EXERCISE GOAL :: Nothing but the pictures should be dropped; repeat the rest of the data below exactly.

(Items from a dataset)
• • •

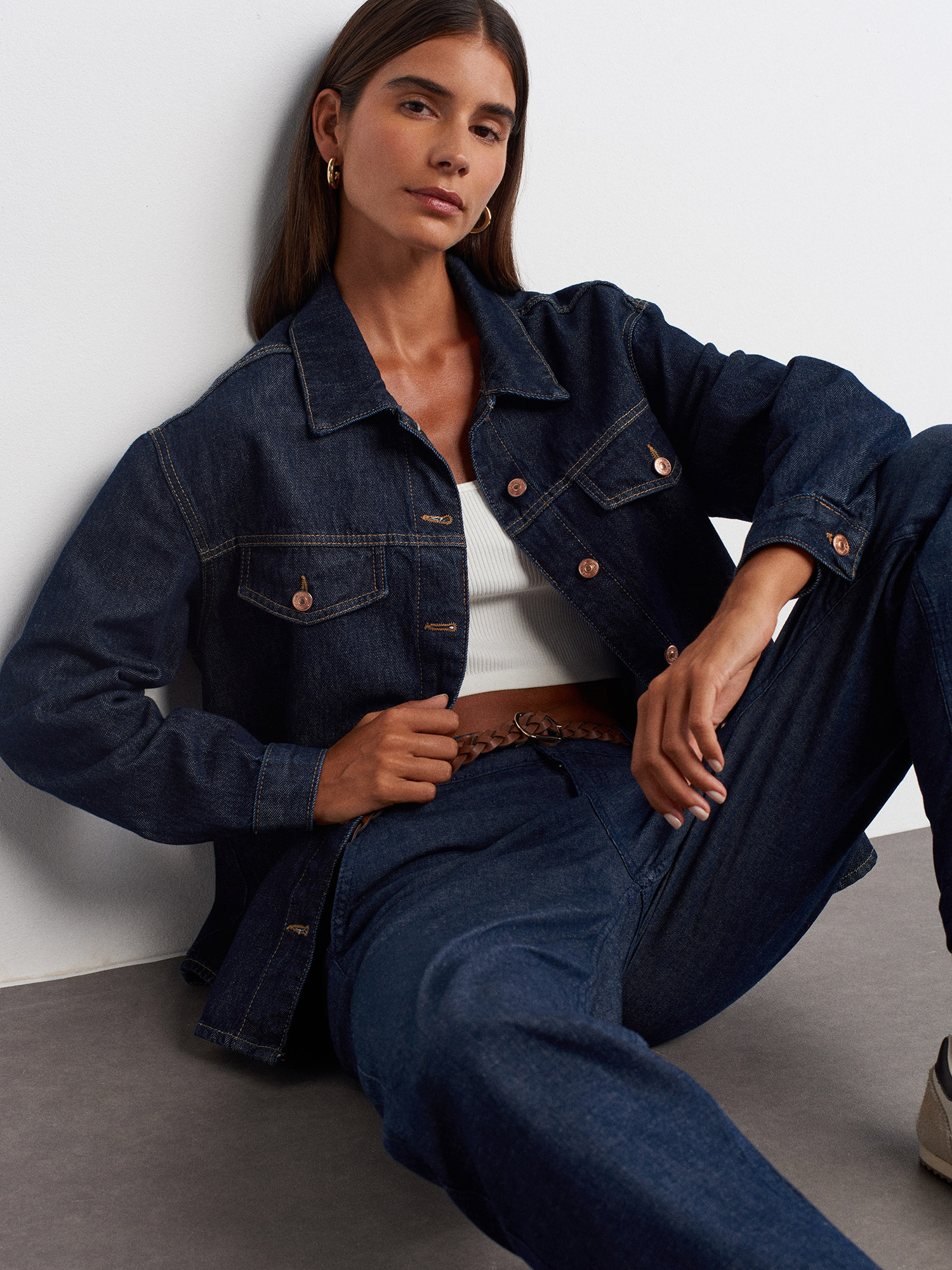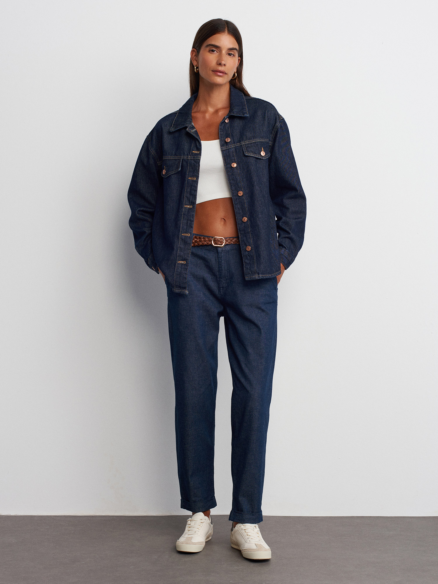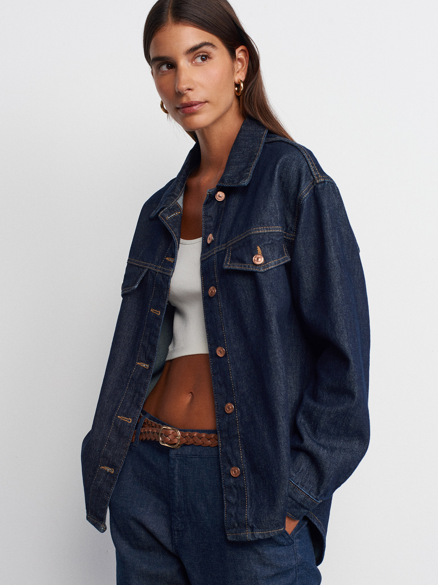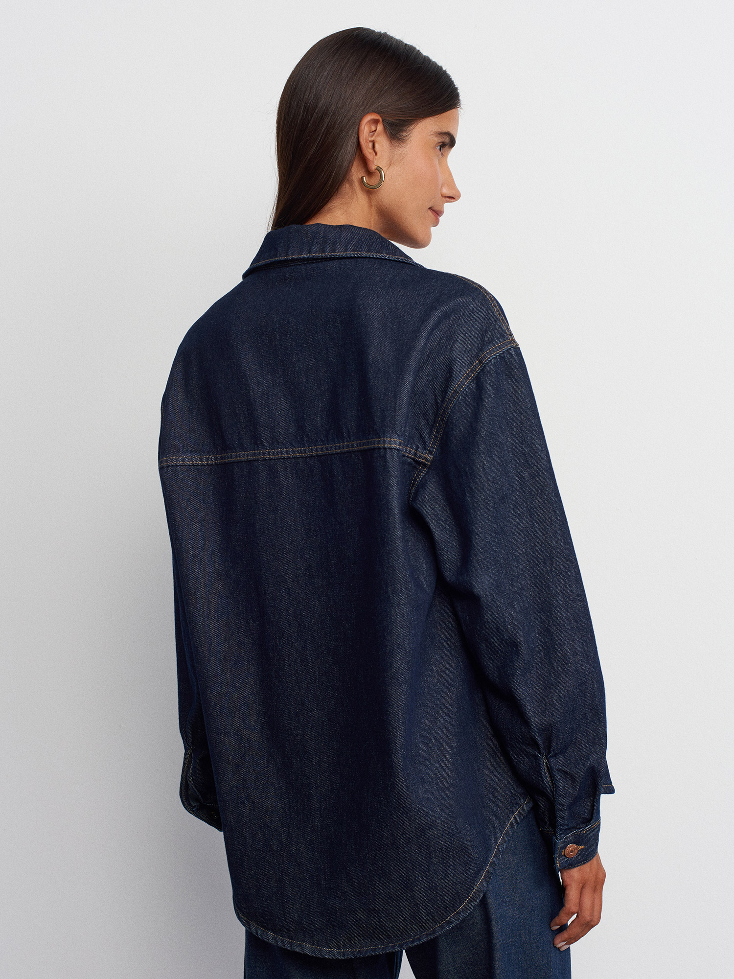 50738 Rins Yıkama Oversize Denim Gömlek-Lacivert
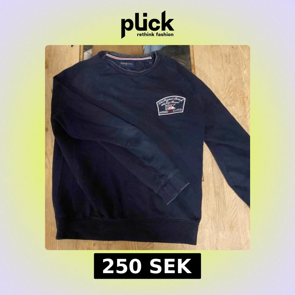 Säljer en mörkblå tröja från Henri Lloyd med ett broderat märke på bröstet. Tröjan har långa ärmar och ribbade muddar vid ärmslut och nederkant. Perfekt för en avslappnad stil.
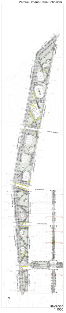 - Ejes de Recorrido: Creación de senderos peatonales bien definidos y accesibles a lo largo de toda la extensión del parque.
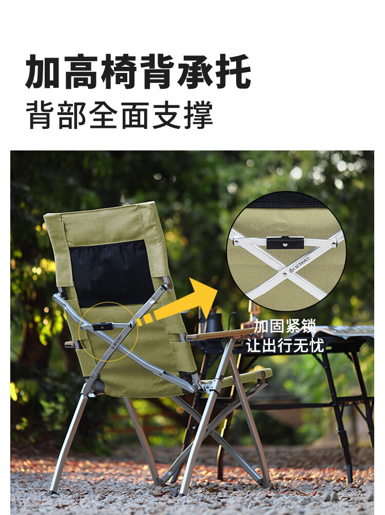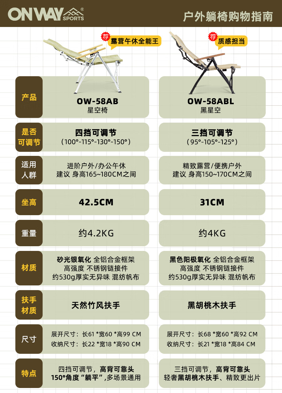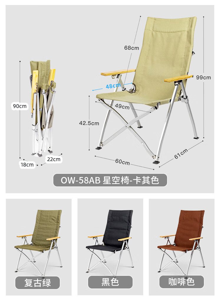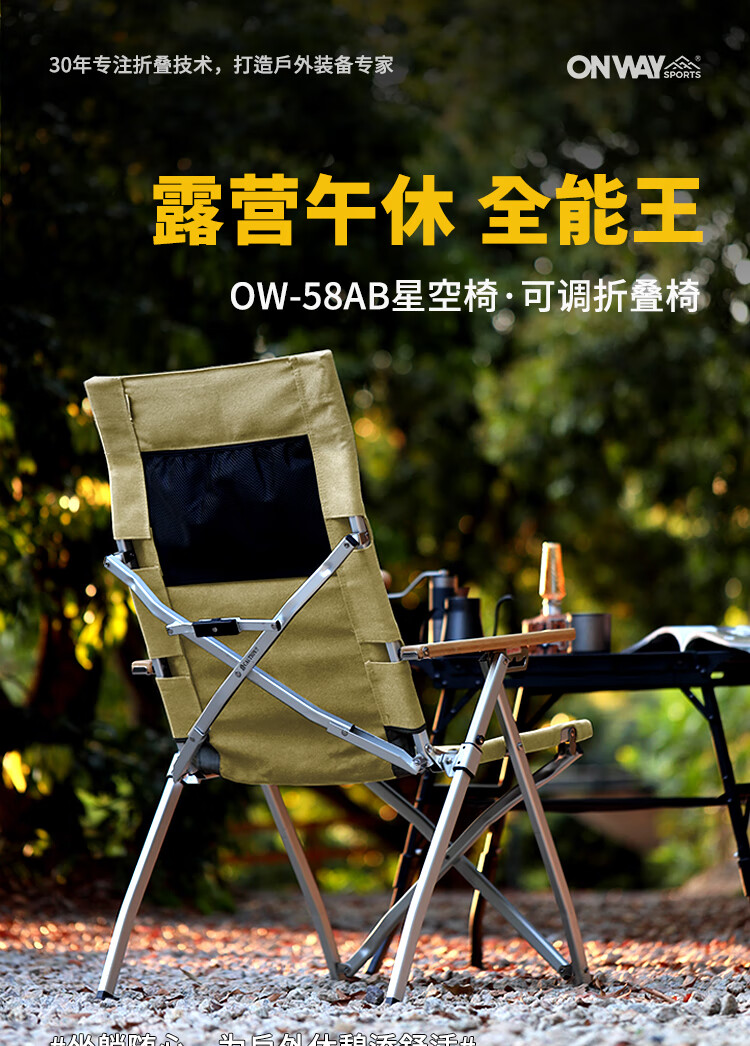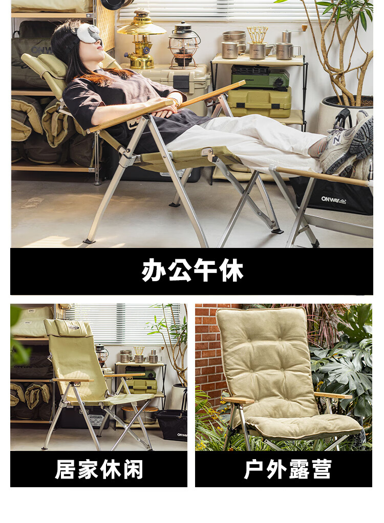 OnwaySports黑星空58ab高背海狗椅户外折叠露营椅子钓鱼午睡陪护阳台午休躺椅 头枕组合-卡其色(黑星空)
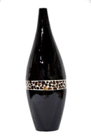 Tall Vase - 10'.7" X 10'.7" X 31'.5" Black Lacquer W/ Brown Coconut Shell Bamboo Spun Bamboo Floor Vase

• • •

RESPONSE BOX ::
 50738 Rins Yıkama Oversize Denim Gömlek-Lacivert
 Säljer en mörkblå tröja från Henri Lloyd med ett broderat märke på bröstet. Tröjan har långa ärmar och ribbade muddar vid ärmslut och nederkant. Perfekt för en avslappnad stil.
 - Ejes de Recorrido: Creación de senderos peatonales bien definidos y accesibles a lo largo de toda la extensión del parque.
 OnwaySports黑星空58ab高背海狗椅户外折叠露营椅子钓鱼午睡陪护阳台午休躺椅 头枕组合-卡其色(黑星空)
 Tall Vase - 10'.7" X 10'.7" X 31'.5" Black Lacquer W/ Brown Coconut Shell Bamboo Spun Bamboo Floor Vase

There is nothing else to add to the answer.